Records provided -

== Segment start ==

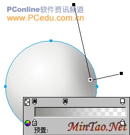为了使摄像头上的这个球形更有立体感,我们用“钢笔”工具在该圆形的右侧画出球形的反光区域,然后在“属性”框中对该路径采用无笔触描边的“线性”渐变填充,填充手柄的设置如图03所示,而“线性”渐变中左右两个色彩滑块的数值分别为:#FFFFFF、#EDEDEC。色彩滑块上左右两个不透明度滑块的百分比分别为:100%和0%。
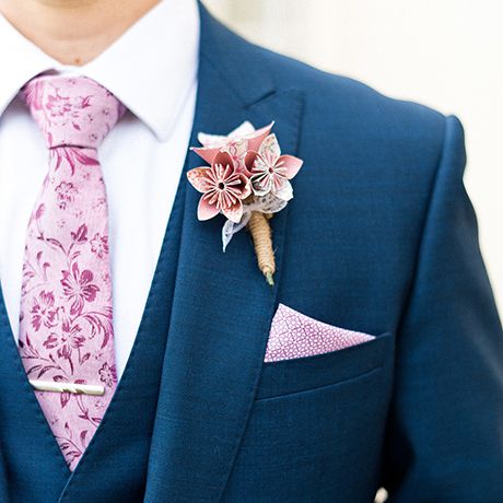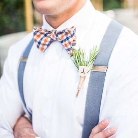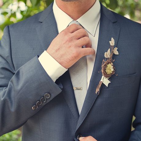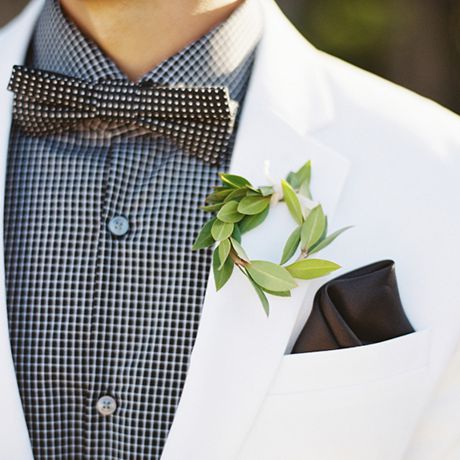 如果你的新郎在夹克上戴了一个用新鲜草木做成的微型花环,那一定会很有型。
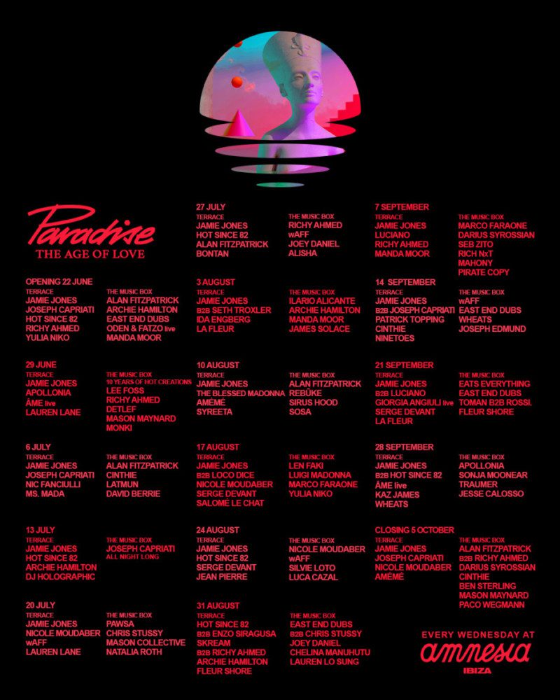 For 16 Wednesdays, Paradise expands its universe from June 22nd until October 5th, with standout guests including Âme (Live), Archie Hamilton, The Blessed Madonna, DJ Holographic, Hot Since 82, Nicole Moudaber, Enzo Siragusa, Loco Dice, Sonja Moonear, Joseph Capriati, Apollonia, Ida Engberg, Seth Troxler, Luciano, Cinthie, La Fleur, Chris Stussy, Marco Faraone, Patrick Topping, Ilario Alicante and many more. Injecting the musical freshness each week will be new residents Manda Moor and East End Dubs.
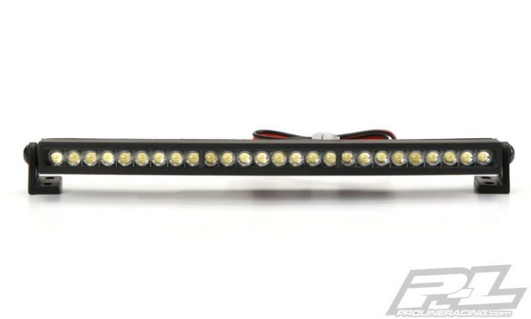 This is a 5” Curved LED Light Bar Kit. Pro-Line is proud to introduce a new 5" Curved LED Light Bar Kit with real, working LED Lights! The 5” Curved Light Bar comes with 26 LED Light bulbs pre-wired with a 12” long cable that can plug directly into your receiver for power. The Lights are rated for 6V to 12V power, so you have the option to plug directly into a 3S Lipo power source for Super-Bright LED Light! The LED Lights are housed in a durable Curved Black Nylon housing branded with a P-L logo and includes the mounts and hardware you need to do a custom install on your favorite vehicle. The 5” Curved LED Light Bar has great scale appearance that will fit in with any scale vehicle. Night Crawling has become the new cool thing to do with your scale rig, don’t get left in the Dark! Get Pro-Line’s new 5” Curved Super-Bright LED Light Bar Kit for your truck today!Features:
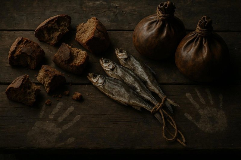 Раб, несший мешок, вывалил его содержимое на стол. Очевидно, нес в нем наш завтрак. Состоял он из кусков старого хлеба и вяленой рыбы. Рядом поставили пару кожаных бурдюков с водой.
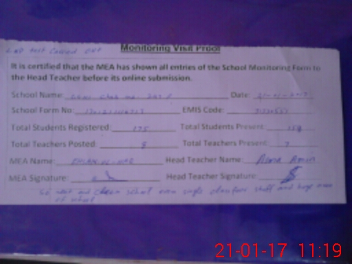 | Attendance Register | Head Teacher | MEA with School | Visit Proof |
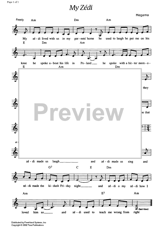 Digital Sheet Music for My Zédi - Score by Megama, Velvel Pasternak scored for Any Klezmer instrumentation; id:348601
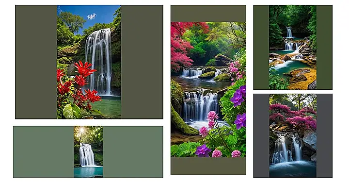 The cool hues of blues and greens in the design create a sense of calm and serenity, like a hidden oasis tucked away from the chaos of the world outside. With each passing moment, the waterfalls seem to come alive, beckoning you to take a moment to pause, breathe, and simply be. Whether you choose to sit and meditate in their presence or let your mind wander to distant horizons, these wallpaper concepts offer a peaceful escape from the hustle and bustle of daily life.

== Segment end ==
== Segment start ==

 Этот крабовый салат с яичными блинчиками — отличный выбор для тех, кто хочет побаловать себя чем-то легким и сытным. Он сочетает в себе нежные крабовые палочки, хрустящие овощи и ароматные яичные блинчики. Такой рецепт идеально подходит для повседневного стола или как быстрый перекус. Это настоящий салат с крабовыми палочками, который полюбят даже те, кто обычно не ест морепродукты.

== Segment end ==

Problem - Look above for the line containing "为了使摄像头上的这个球形更有", then copy exactly from it through the line containing "如果你的新郎在夹克上戴了一个用新鲜草木做成的微型花环,那一定会很有型。", keeping both and leaving out pictures. Add nothing else.

Answer below -
为了使摄像头上的这个球形更有立体感,我们用“钢笔”工具在该圆形的右侧画出球形的反光区域,然后在“属性”框中对该路径采用无笔触描边的“线性”渐变填充,填充手柄的设置如图03所示,而“线性”渐变中左右两个色彩滑块的数值分别为:#FFFFFF、#EDEDEC。色彩滑块上左右两个不透明度滑块的百分比分别为:100%和0%。
 如果你的新郎在夹克上戴了一个用新鲜草木做成的微型花环,那一定会很有型。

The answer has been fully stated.